Design choices that stand out
Several design decisions are interesting:
Dual mode operation: every CLI works both as subcommands for scripts and pipelines, and as a REPL for interactive use. Running it without arguments drops you into the REPL.
A unified --json flag: every command can emit structured JSON so an agent can consume it. Humans still get table output.
Delegation to the real backend: the CLI produces project files such as ODF, MLT XML, and SVG, while the real application handles rendering. LibreOffice does the PDF generation, Blender does the 3D rendering, and Audacity does the audio processing. It is a CLI bridge to the real product, not a toy rewrite.
ReplSkin: a consistent REPL interface with a brand banner, command history, progress display, and Undo / Redo.
refine expands coverage
After the first generation pass, you can run /cli-anything:refine to analyze gaps and add missing commands.
# Broad gap analysis
/cli-anything:refine ./gimp
# Focus on specific functionality
/cli-anything:refine ./gimp "batch processing and filters"
Each pass is incremental and non-destructive, so you can run it as many times as needed.

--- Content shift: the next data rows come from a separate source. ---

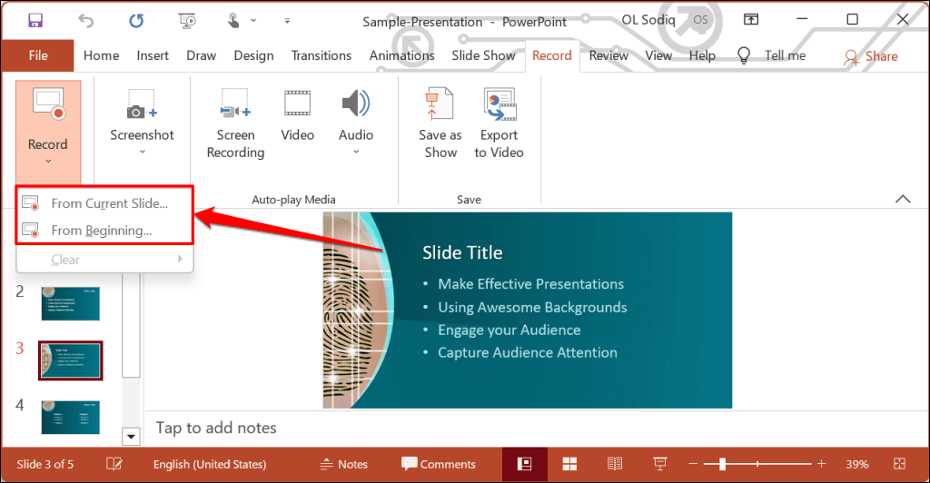 You can also record a presentation from the Slide Show tab. Select Slide Show on the ribbon and select Record, From Current Slide, or From Beginning.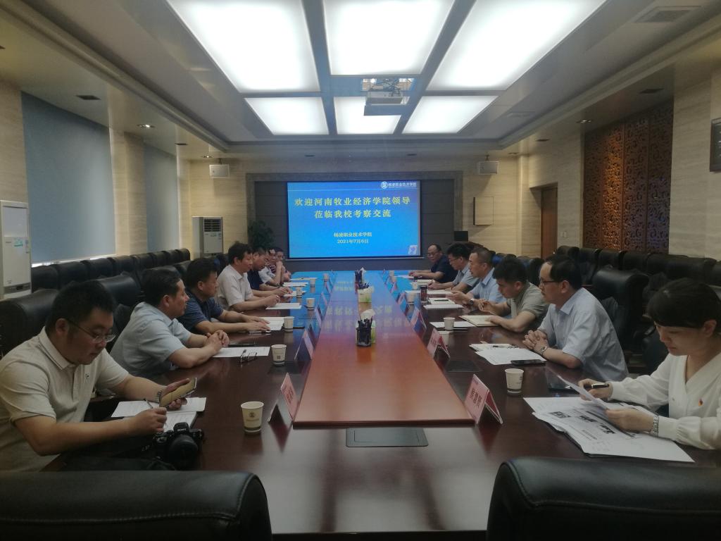 7月6日下午,河南牧业经济学院副校长吴中、社会服务办公室主任胡迎利、动物科技学院院长席磊、动物医药学院党委书记刘永录、信息工程学院院长连卫民、科学技术处副处长胡华锋、社会服务办公室综合科科长郑高锋一行7人来今年会考察交流。今年会副校长胡俊鹏在醒钟楼208会议室接待了吴中副校长一行。动物工程学院副院长张振仓、信息工程学院副院长陈高锋、继续与教育学院负责人黄璞,科技与教育研究处、产教融合处相关老师参加座谈会。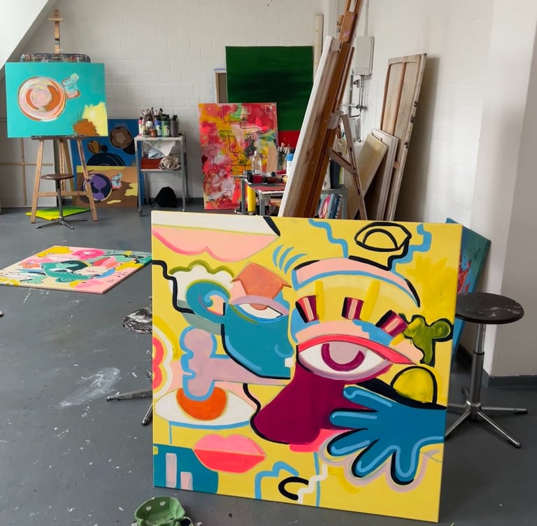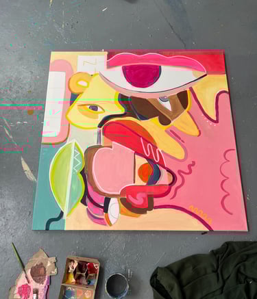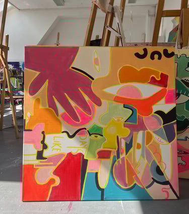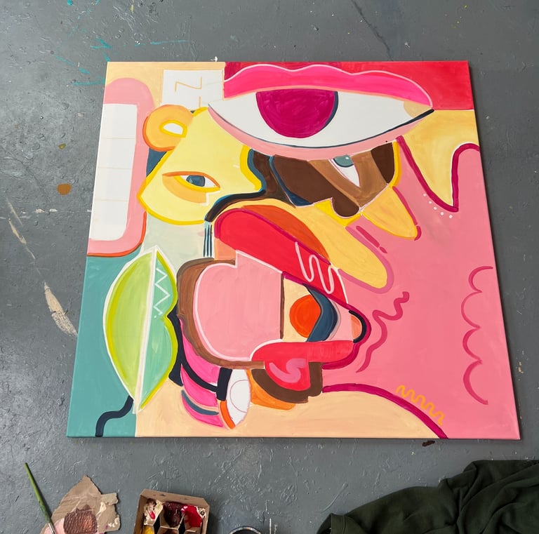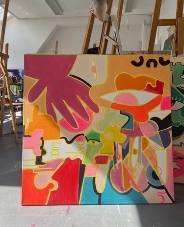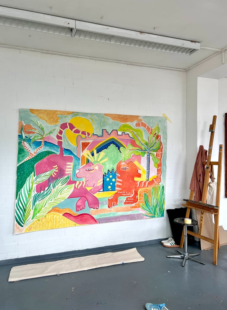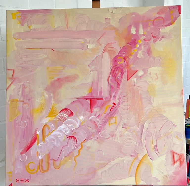 This painting is inspired by my travels on Mallorca. It shows people swimming in a dreamy swimming pool.

Compared with GUI automation
Here is how it compares with screenshot-and-click agents:
| Dimension | GUI automation | CLI-Anything |
|---|---|---|
| Speed | slow because it must capture and parse screenshots | immediate command execution |
| Stability | breaks when the UI changes | CLI APIs are stable |
| Coverage | only what is visible on screen | the entire backend API |
| Structured output | inferred from pixels | JSON output |
| Requirement | needs a display | works headlessly |
CLI-Anything still has limits. You need source code that can be read. If you only have a compiled binary, decompilation is required and quality drops sharply. The generated CLI quality also depends on the structure of the codebase and the quality of its APIs.

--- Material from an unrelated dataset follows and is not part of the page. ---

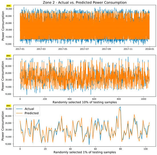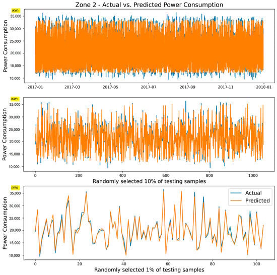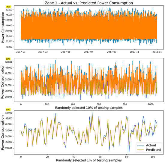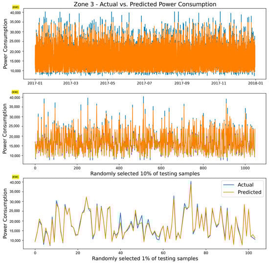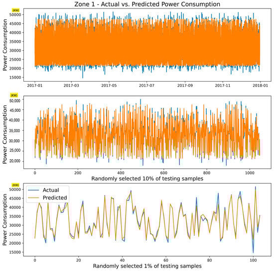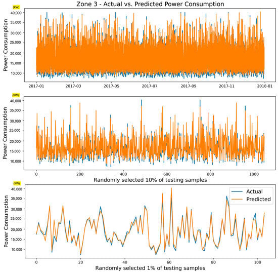 Figure 5, Figure 6 and Figure 7 present distinct figures, each encapsulating the outcomes derived from our proposed DL model in the context of Power Consumption prediction for three distinct zones, as specified within our dataset. These figures collectively provide an intricate analysis of our DL model’s predictive capabilities, offering valuable insights into its performance across different zones and sample sizes. Each figure consists of three subfigures: (top) comprehensively illustrates the results encompassing all testing samples, offering a holistic view of the model’s performance over time, (middle) selectively focuses on a subset, specifically 10% of the testing samples, enabling a more detailed examination of predicted and actual data points, and (bottom) narrows the scope further, emphasizing only 1% of the testing samples. This deliberate reduction in sample size enhances the visual clarity of the plots, facilitating a meticulous assessment of the alignment between predicted and actual data points.

Can it work on your own app?
When people hear “source code required,” they may assume this is only for open-source projects, but that is not true. CLI-Anything uses LLM-based static analysis: in Phase 1 it identifies backend engines, data-model formats, and the mapping between GUI actions and APIs. In other words, the code just has to be readable. It does not need to be open source.
If you have the source locally, it can work on your own app or on a private repository.
# Local path
/cli-anything:cli-anything ./my-private-app
# GitHub repo URL is fine too, if you have access
/cli-anything https://github.com/your-org/your-repo
You can point it at your own GitHub repo directly. For private repos, git or gh authentication just needs to work. Cloning locally also works.

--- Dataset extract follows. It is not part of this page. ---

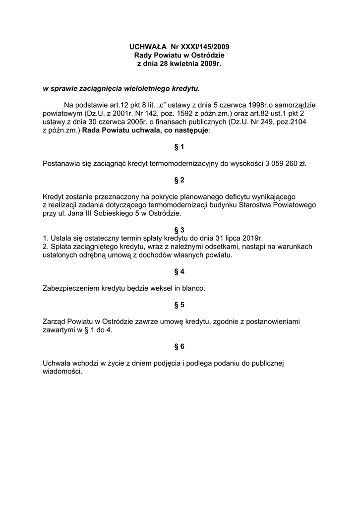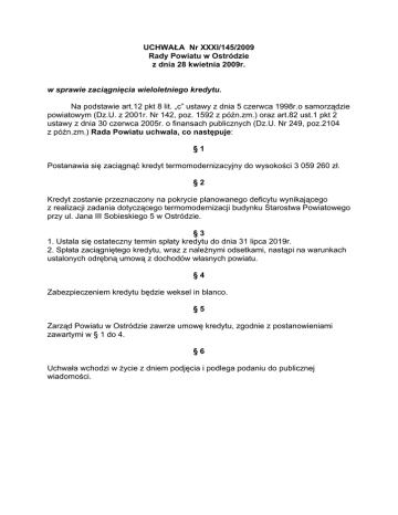 UCHWAŁA Nr XXXI/145/2009 Rady Powiatu w Ostródzie z dnia 28 kwietnia 2009r. w sprawie zaciągnięcia wieloletniego kredytu. Na podstawie art.12 pkt 8 lit. „c” ustawy z dnia 5 czerwca 1998r.o samorządzie powiatowym (Dz.U. z 2001r. Nr 142, poz. 1592 z późn.zm.) oraz art.82 ust.1 pkt 2 ustawy z dnia 30 czerwca 2005r. o finansach publicznych (Dz.U. Nr 249, poz.2104 z późn.zm.) Rada Powiatu uchwala, co następuje: §1 Postanawia się zaciągnąć kredyt termomodernizacyjny do wysokości 3 059 260 zł. §2 Kredyt zostanie przeznaczony na pokrycie planowanego deficytu wynikającego z realizacji zadania dotyczącego termomodernizacji budynku Starostwa Powiatowego przy ul. Jana III Sobieskiego 5 w Ostródzie. §3 1. Ustala się ostateczny termin spłaty kredytu do dnia 31 lipca 2019r. 2. Spłata zaciągniętego kredytu, wraz z należnymi odsetkami, nastąpi na warunkach ustalonych odrębną umową z dochodów własnych powiatu. §4 Zabezpieczeniem kredytu będzie weksel in blanco. §5 Zarząd Powiatu w Ostródzie zawrze umowę kredytu, zgodnie z postanowieniami zawartymi w § 1 do 4. §6 Uchwała wchodzi w życie z dniem podjęcia i podlega podaniu do publicznej wiadomości. UZASADNIENIE do uchwały Nr XXXI/145/2009 Rady Powiatu w Ostródzie z dnia 28 kwietnia 2009r. w sprawie zaciągnięcia kredytu Zarząd Powiatu zdecydował się przedstawić propozycję zmian w budżecie na 2009r. polegającą na wprowadzeniu do zadań inwestycyjnych termomodernizacji budynku Starostwa Powiatowego przy ul. Jana III Sobieskiego 5 w Ostródzie („Koszarowiec”). Zadanie to ogółem będzie wynosiło 3 920 000 tys. zł w tym udział własny 860 740 zł. Finansowanie ma pochodzić ze środków własnych jednostki i kredytu z premią gwarancyjną z BGK w wysokości do 20% kwoty kredytu. Planowany deficyt po zmianach na 2009 r., zgodnie z wyżej wymienioną uchwałą Rady Powiatu wynosi 5 361 260 zł. W 2009 roku planuje się spłacić, zgodnie z wcześniej zawartymi umowami, raty kredytów w kwocie 2 631 127 zł, pożyczki w kwocie 87 500 zł oraz wykupić obligacje na kwotę 2 500 000 zł. Dla sfinansowania powyższych zobowiązań powiat musi zaciągnąć nowe kredyty i pożyczki w wysokości 8 187 132 zł. Dług powiatu na koniec 2009 roku wyniesie 27 102 265 zł (27,21% - wskaźnik ogólnego zadłużenia). Kredyt planuje się spłacić w ciągu dziesięciu lat. Zaciągnięcie kredytu termomodernizacyjnego jest zasadne z uwagi na bardzo korzystne warunki finansowe ( umorzenie 20% kredytu – premia gwarancyjna oraz niskie oprocentowanie). Na dzień dzisiejszy jest to jedno z lepszych rozwiązań aby zacząć adaptację budynku i nie pozwolić na dalszą degradację oraz rozwiązać problem należytej obsługi petentów i zapewnić dobre warunki pracy pracownikom. Pozostałe prace związane z adaptacją planuje się sfinansować po sprzedaży nieruchomości jednostek przenoszonych do nowej siedziby. Aktualna siedziba Starostwa Powiatowego w Ostródzie jest czasowo dopuszczona do użytkowania.

The resulting CLI quality depends heavily on the codebase:
- apps with a clear API split - for example, well-organized Python modules, REST APIs, or scripting interfaces - produce better CLIs
- apps with structured data models - JSON, XML, SVG, and similar formats are easier to analyze
- apps with solid documentation and README files give the LLM the context it needs
The real condition is not public versus private. It is whether the LLM can read and understand the code. Even an open-source project can produce a poor CLI if the code is spaghetti or the docs are missing.
The generated CLI calls the real backend at runtime, so the target software has to be installed and working on the machine. If the app itself does not run, the CLI will not run either.